● EXERCISE REQUIREMENTS: The result should be the listing below, restated exactly, with its pictures left out.

● DATA SECTION:
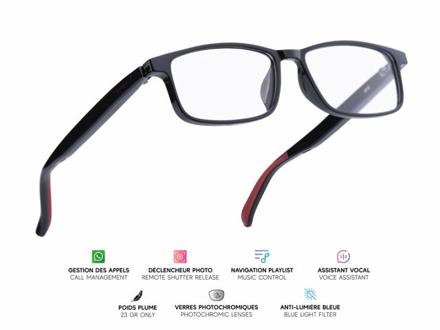 Lunettes connectées Mogie. - Modèle Lunor - Branches noires amovibles avec monture noire et verres photochromiques
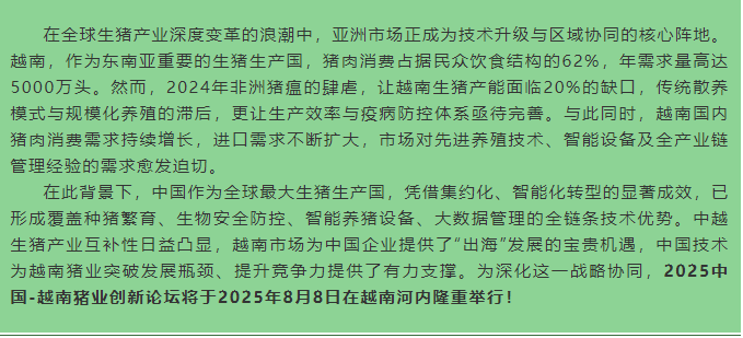 “出海”新机遇:2025中越猪业创新论坛行程与亮点前瞻
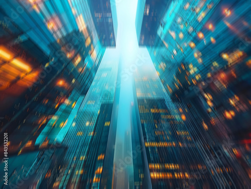 Modern skyscrapers with reflective glass facades against a vibrant evening sky

● TASK OUTPUT:
 Lunettes connectées Mogie. - Modèle Lunor - Branches noires amovibles avec monture noire et verres photochromiques
 “出海”新机遇:2025中越猪业创新论坛行程与亮点前瞻
 Modern skyscrapers with reflective glass facades against a vibrant evening sky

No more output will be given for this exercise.